Strangest thing is Honey Locust turns out to be some incredible wood. It does not warp, cup or bend like most everything if not properly stacked & dried. I have 500-600 bf of it around because I thought what better wood for learning to to use the mill! I had no idea when I started that is was so beautiful inside. Now I/'m on the lookout for it' logs.


----------



## JP Sinclair (Nov 13, 2006)

I do have to admit that Vermont (especially the northeast where I am) is rife with some really cool stuff. I've got some kickin' logging crews up here that always put aside the "JP pile" on the landing of everything from flame birch to tiger maple to birdseye. I even had a crew run into American chestnut a year ago.


----------



## joasis (Sep 15, 2006)

I am seriously thinking about getting a band mill and selling my Meadows circle mill....simply because it would be so much easier to use a bandmill for occasional sawing, then to fire up a 125hp engine and the work associated with the big mill.....now if someone wants a great mill.....I might be tempted.


----------



## TexasTimbers (Oct 17, 2006)

[email protected] said:


> JP:
> Strangest thing is Honey Locust turns out to be some incredible wood. It does not warp, cup or bend like most everything if not properly stacked & dried.

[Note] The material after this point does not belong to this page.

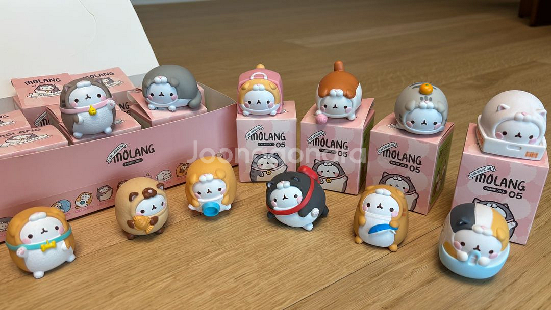 귀여운 몰랑이 피규어 12개 상자째 보관만 하던 새상품입니다 큰 박스는 색바램 찢어짐 있고 개별 박스는 사진찍을려고 꺼내다가 2개 개봉입구 조금 찢겨졌어요(사진참조) 몰랑이들은 처음 꺼내본 새것들 입니다 사이즈는 각티슈랑 비교사진 보시면 됩니다

You need to cut some more of it before you sink your heels in on that too far. :laughing:

I agree it's beeeee-yoo-tiful wood. One of my favorites. I am making some components for my jig kits with a stack of it now. But it will move more than what you think so far. Not near as bad as many other species like Sweetgum.

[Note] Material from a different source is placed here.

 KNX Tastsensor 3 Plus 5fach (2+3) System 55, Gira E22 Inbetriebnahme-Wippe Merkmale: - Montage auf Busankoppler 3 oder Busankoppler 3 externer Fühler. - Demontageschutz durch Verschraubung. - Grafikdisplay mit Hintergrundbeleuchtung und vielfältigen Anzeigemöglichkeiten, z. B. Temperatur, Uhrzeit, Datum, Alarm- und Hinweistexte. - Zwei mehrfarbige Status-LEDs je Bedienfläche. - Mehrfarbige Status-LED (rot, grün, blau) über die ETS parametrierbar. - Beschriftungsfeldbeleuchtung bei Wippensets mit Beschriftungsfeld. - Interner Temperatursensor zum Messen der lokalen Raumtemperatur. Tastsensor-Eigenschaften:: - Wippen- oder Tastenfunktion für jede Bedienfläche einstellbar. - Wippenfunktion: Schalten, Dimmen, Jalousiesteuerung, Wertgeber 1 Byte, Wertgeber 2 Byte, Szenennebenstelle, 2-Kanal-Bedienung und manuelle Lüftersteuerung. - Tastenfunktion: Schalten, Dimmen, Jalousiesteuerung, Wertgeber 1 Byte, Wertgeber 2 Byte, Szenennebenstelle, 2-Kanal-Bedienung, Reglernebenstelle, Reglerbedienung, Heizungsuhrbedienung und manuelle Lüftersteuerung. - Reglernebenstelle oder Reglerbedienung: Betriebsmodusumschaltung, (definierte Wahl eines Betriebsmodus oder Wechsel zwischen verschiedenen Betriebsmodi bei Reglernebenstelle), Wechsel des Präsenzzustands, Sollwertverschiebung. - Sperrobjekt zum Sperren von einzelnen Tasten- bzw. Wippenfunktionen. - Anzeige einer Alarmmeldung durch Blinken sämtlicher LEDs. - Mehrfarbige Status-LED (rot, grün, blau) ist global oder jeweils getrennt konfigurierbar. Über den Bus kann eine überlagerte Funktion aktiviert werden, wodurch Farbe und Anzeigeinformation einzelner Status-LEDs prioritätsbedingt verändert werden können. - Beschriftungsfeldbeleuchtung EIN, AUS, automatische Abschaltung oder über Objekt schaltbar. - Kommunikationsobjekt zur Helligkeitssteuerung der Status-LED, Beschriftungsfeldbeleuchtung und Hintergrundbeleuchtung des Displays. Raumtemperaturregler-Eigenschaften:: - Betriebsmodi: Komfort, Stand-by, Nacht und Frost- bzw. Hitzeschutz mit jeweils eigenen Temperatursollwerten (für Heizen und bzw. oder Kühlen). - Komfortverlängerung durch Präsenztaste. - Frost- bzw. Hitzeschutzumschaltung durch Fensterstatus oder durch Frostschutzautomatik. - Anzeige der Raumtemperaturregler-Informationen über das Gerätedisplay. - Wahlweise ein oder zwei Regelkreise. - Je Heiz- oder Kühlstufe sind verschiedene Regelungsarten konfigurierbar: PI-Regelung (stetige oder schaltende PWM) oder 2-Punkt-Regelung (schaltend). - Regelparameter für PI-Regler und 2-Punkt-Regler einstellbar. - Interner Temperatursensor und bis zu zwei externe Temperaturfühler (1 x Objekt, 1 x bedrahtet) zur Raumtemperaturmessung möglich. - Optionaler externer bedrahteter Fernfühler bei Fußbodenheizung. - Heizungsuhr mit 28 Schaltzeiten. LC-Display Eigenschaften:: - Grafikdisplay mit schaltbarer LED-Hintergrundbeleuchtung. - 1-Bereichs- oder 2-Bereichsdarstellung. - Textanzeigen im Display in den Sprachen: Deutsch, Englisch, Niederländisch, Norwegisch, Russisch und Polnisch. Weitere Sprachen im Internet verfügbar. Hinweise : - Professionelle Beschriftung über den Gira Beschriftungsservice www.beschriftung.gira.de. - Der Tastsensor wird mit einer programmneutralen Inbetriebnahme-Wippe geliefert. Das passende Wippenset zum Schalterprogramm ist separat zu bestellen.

With Mesquite being the most stable of all woods, and let's say American Beech being one of the least stable of the more widely available species, I think Honeylocust will fall about in the middle. It is more stable than White Oak, but not as stable as Black Locust. 

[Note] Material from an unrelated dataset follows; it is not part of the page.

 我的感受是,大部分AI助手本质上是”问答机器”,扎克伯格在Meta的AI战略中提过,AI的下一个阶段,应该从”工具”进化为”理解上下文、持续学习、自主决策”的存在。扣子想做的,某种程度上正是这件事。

Consider that Red and White oak are much more closely realated to each other than are Honeylocust and Black Locust. Honeylocust is a little more stable than, but not as rot resistant as White Oak.

Don't lend too much credence in the "locust" part of Honeylocust. It can't hold a candle to its distant darker cousin in any category, except perhaps beauty, and I have seen some beautiful Black as well. 

Still, like you, HL is one of my favorite flavors.


----------